Kate Bernheimer has been called “one of the living masters of the fairy tale.” She is the author of a novel trilogy and the story collections Horse, Flower, Bird and How a Mother Weaned Her Girl from Fairy Tales and the editor of four anthologies, including the World Fantasy Award winning and bestselling My Mother She Killed Me, My Father He Ate Me: Forty New Fairy Tales and xo Orpheus: 50 New Myths. She founded and edits the literary journal Fairy Tale Review and lives in Arizona with her husband, the writer Brent Hendricks, and their daughter, Xia.

A Time Out New York Best Book of 2014

“Bernheimer presents haunting looks at mothers and daughters, the magic of childhood, and the power of illusion, fantasy, and dreams.” 
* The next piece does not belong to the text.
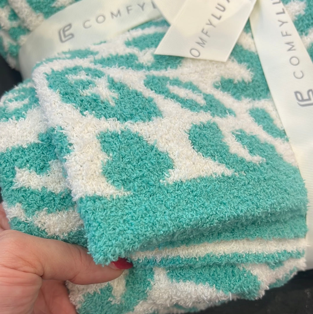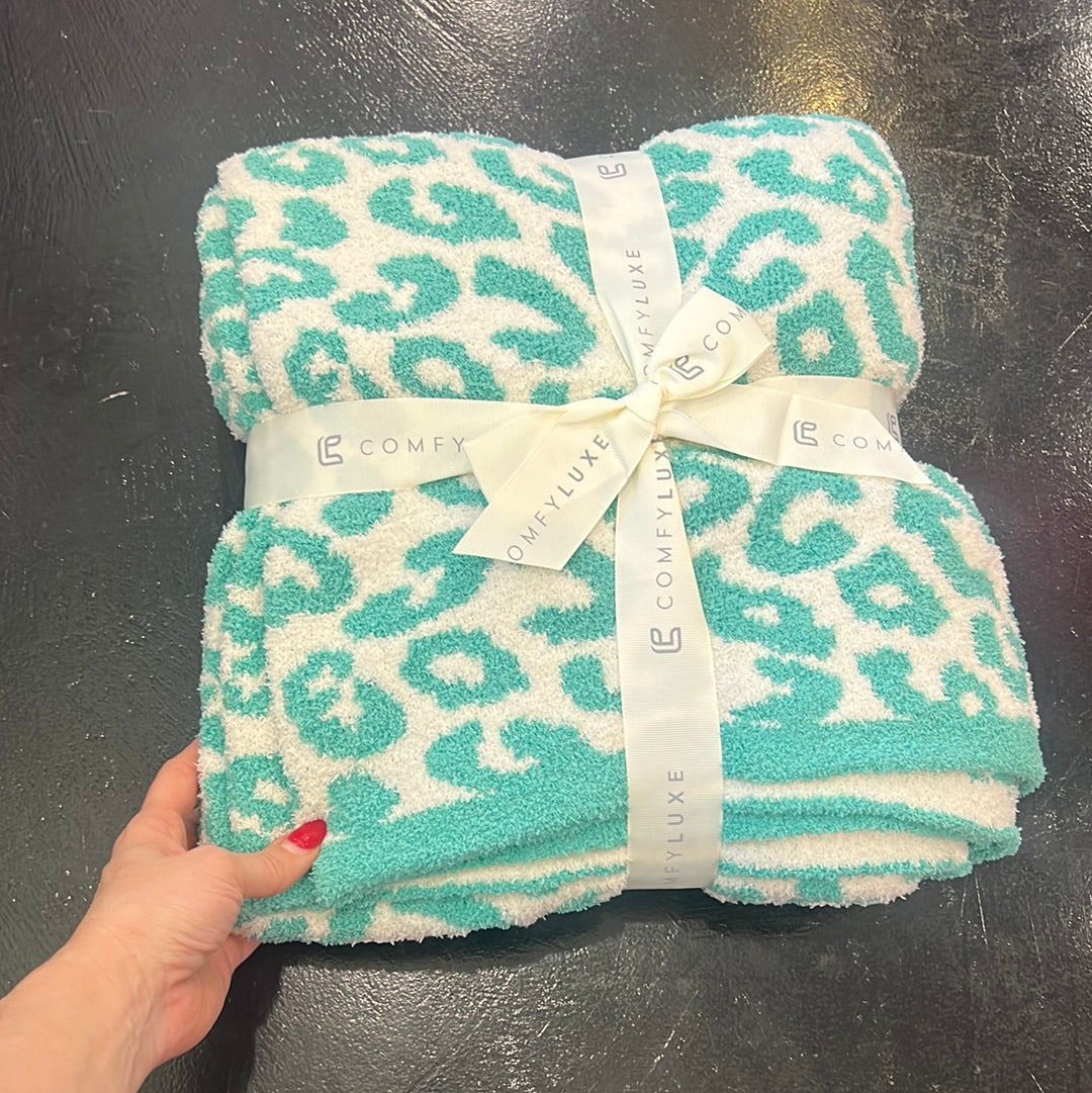 Teal Deluxe Leopard Blanket

—San Francisco Book Review

“Bernheimer manages to tickle the cerebrum without sacrificing surface pleasures.” 

The Star Tribune

“Nine nimble stories confront a spectrum of suffering; loneliness, addiction, poverty, and death lay exposed with open language for all to interpret.” 

—Entropy

“An impressive array. . . . The way the rules of realism are rewritten makes for a thrilling experience.” 

—Vol. 1 Brooklyn

“[Bernheimer is] one of literature’s foremost champions of the fairy tale.” 

—Nylon

“You cannot argue with a fairy tale. It is tautology as art form.”

—Slate

“Gobble up these stories as you would a trail of bread crumbs that leads into the dark, magical woods of Kate Bernheimer’s imagination. Here you will be happily lost, sometimes afraid, often amused and always awed.”

—Benjamin Percy

“Kate Bernheimer’s beautiful and daring stories do not lead us to familiar places. She miraculously collapses the distinctions between the quotidian and the wondrous, the enchanted and the cursed, and takes us into the dark woods to wander until we too can see each uncanny branch.” 

—Jenny Offill

“These aren’t fairy tales, they’re signposts for the lost—and strange lands await if you go their way.”